## About this exercise
Below this line is the material. Write out only its lines from the one containing "La bofetada fue" through the one containing "- 암기모드로 단어, 뜻만", both kept, exactly.

## Records
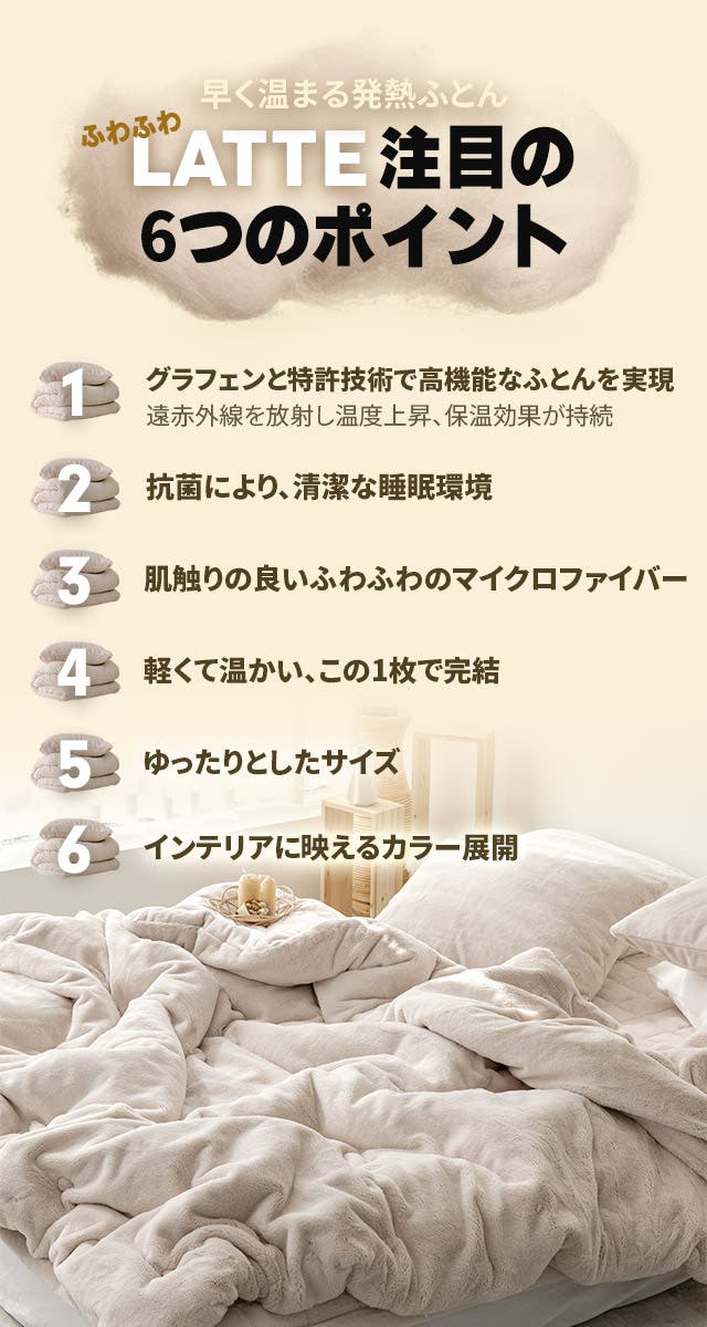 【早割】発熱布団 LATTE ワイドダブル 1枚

...

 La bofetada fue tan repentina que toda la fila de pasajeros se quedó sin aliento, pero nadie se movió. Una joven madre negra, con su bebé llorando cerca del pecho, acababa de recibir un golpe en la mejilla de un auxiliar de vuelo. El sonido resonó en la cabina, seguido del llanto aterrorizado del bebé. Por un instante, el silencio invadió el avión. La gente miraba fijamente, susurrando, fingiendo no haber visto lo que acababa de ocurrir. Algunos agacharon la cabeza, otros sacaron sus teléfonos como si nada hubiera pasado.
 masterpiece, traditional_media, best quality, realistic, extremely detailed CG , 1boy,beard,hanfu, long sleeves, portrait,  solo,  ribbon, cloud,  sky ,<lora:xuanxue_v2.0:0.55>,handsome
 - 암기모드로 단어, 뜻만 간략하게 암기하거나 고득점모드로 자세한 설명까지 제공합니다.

## The completed task
 La bofetada fue tan repentina que toda la fila de pasajeros se quedó sin aliento, pero nadie se movió. Una joven madre negra, con su bebé llorando cerca del pecho, acababa de recibir un golpe en la mejilla de un auxiliar de vuelo. El sonido resonó en la cabina, seguido del llanto aterrorizado del bebé. Por un instante, el silencio invadió el avión. La gente miraba fijamente, susurrando, fingiendo no haber visto lo que acababa de ocurrir. Algunos agacharon la cabeza, otros sacaron sus teléfonos como si nada hubiera pasado.
 masterpiece, traditional_media, best quality, realistic, extremely detailed CG , 1boy,beard,hanfu, long sleeves, portrait,  solo,  ribbon, cloud,  sky ,<lora:xuanxue_v2.0:0.55>,handsome
 - 암기모드로 단어, 뜻만 간략하게 암기하거나 고득점모드로 자세한 설명까지 제공합니다.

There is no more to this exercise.